Roll Forming Line Automation: Flying Dies

Flying Prenotch Dies

Flying dies are dies that are made to move linearly along tracks built into a mechanical, pneumatic or hydraulic press, as opposed to being fixed to the ram and bolster as stationary prenotch dies are. They also can be mounted on tracks mounted on top of bases on which the entire pneumatic or hydraulic press and die assembly moves. One advantage to the flying die or press system is that because the stock is run straight into the roll former from the usually unpowered uncoiler and through the prenotch press (this is called a “tight line”), it takes up less floor space in the direction of travel than a stationary die set up with its’ free loop (sometimes requiring a pit) in and out of the press. Another advantage in the use of the flying die concept is that when running heavier gauges of material we don’t need a potentially more expensive heavy duty servo-feeder with its’ accompanying powered uncoiler or powered straightener (vs. unpowered straightener with a “tight line”).

A bit more care and time must generally be put into the construction of a medium to high production flying prenotch die than is necessary to put into most of the stationary prenotch dies.  There are lateral forces exerted on the die components because of the in-line motion as the die is propelled back and forth along the press tracks. The punch holder wants to keep flying when the die shoe hits the backstop position. Leader pins and bushings in die set were originally designed to keep the punches and die openings aligned, but not to take lateral forces in the process.  Also, if a mechanical pickup is being used, and if the pickup finger is re­leasing before the punches are back out of the material being punched, there is pressure on the punches trying to pull them out of position.

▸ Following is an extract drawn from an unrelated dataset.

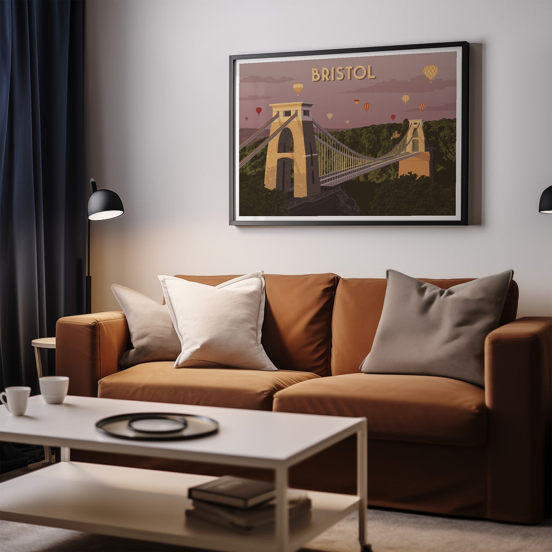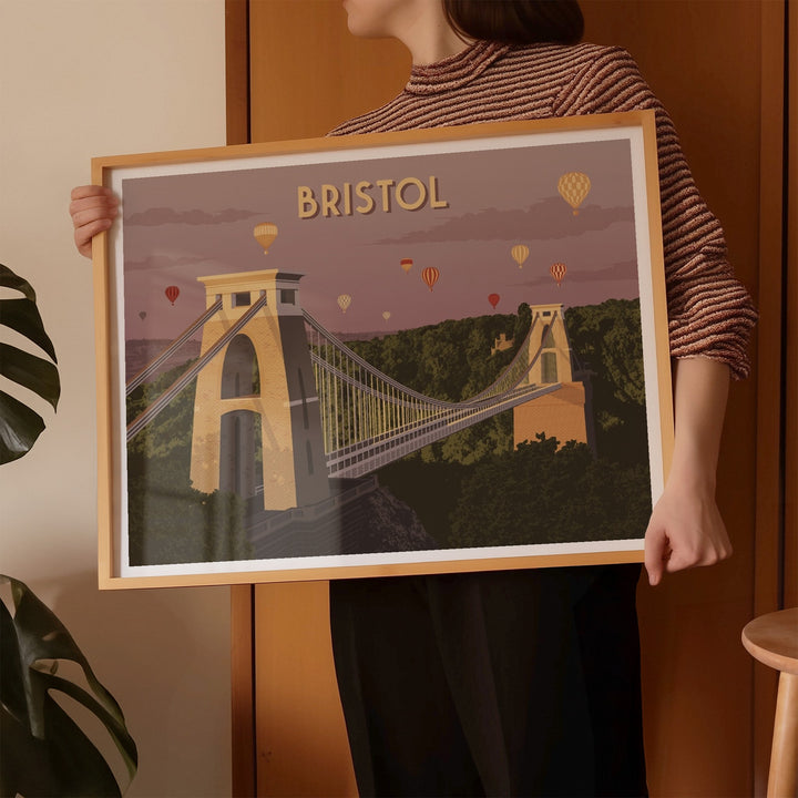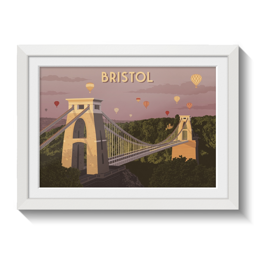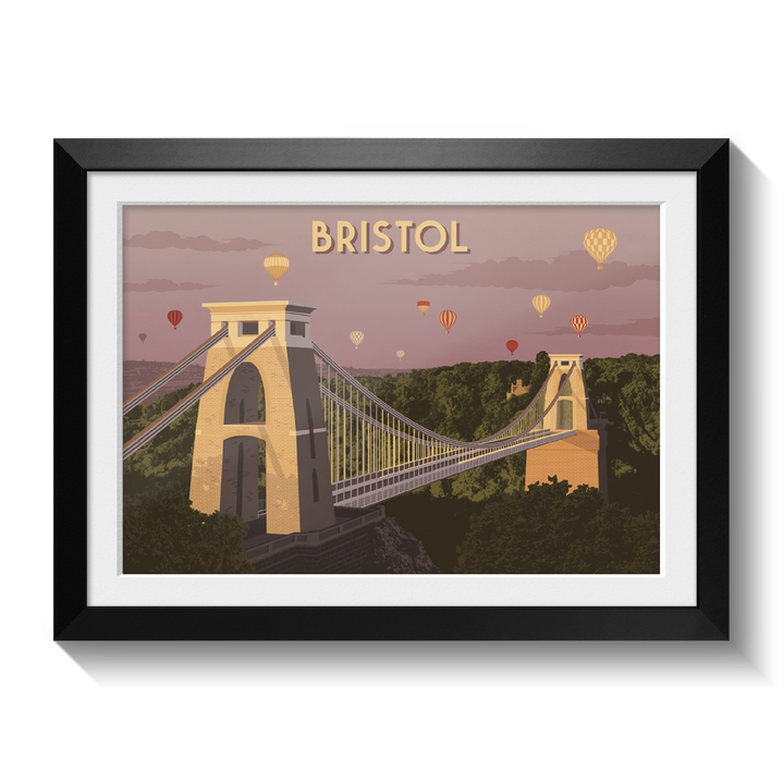 An original travel print featuring hot air balloons taking part in the annual Bristol International Balloon Fiesta Festival, over the iconic Clifton Suspension Bridge which spans the River Avon in Bristol, England.

All of this means that the guide pins and bushings must be securely fastened with additional support for the guide pins and the additional bearing area in the bushings and that the punches for some applications may need to be guided through a fixed stripper. The additional costs involved in making a properly constructed flying prenotch die are more than offset by the lower downtime and longer die life.

Types of Basic Flying Cut-off Dies

Although there are many variations, there are really only two basic types of cut-off dies used. They are most commonly referred to as (1) the punch cut or blade type die, and (2) the crop-off or slugless type die.

The decision of which type of die to use in each case is made by taking the following into consideration:

1. The contour of the shape to be cut
2. The gauge of the material to be cut
3. Maintenance involved in cutting certain materials
4. The line speed to be achieved
5. Available press stroke
6. Matching prenotched areas
7. Lengths of runs planned

Specific Design Principles for Flying Cut-off Dies

It goes almost without saying that die weight is a very important factor in flying dies — in some cases, downright critical. The problem is always hitting a happy medium between die weights and die strength. Only experience, usually a bad experience, will teach a person this in a hurry.

The following can reduce weight:

1. Using aluminum die shoes and punch holders.
2. Drilling out holes in the die shoe, punch holder, punch pad, die blocks and stripper.
3. In the case of high shut heights, put extensions on top of the punch holder to raise the rails.
4. Instead of using thick plates for backup of crop-off blades (in slugless dies) use thinner blades with welded gusseting.

The following can increase strength:

1. Using gussets whenever possible.
2. Running a reinforcement bar across the die shoe.
3. Splitting die sections and punch pads so they also act as reinforcing bars.

I have also found that, except for heavy structural-type shapes, a good die fit around the contour of the part is essential for a good cut. The contour should sometimes be ground in according to the part print, and some­times should be ground to fit an approved sample, depending on the part tolerances. If we grind a radius in the die according to a print, and the finished radius turns out bigger, then we have a gap. When the die cuts off, a burr and distorted radius in that area will result.

Another reason for grinding the shape in after heat treating the steel is to achieve maximum life between sharpening. Hardening steel produces a thin layer of softer oxidized steel at the surface. If this layer is not ground off, the cut edge will become dull much quicker than it would if the surface was ground. This is a more expensive method of making the die, but I have found it to be absolutely essential.

In this new day and age, if the part tolerances and roller die accu­racy warrant it, the blade contour can be wire EDM’d to finished sizes (with running clearance and cut timing).